__WORK TO BE COMPLETED__.
The copy must hold every line from the one with "智能机器人湖北省重点实验室主任张彦铎教授为学术委员会颁发聘书。" through the end of the listing, word for word, and must hold no pictures.

__SOURCE DATA__.
□ □ □ □ □
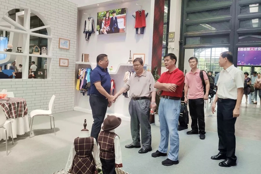 (深圳市教育裝備行業(yè)協(xié)會會長彭錦環(huán)(右一)蒞臨展廳指導(dǎo)工作)
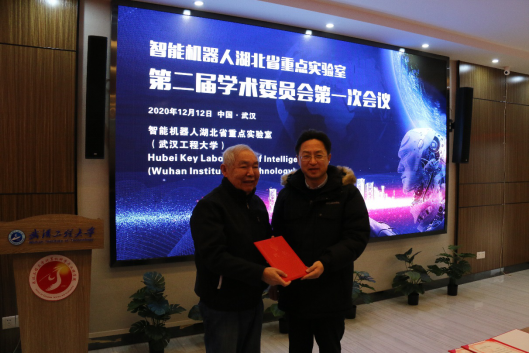 智能机器人湖北省重点实验室主任张彦铎教授为学术委员会颁发聘书。
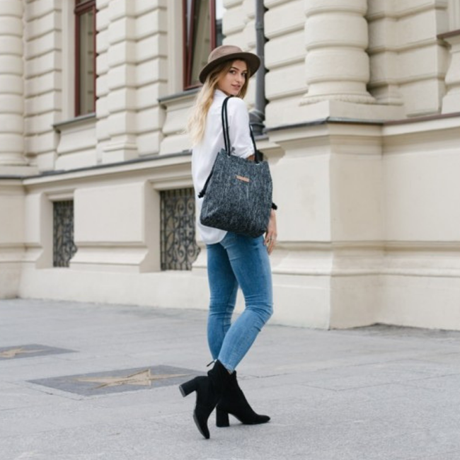 Praktyczna i pojemna torebka worek, w której z łatwością zmieścisz rzeczy o formacie A4.
□ □ □ □ □
__ANSWER TO THE PROBLEM__.
 智能机器人湖北省重点实验室主任张彦铎教授为学术委员会颁发聘书。
 Praktyczna i pojemna torebka worek, w której z łatwością zmieścisz rzeczy o formacie A4.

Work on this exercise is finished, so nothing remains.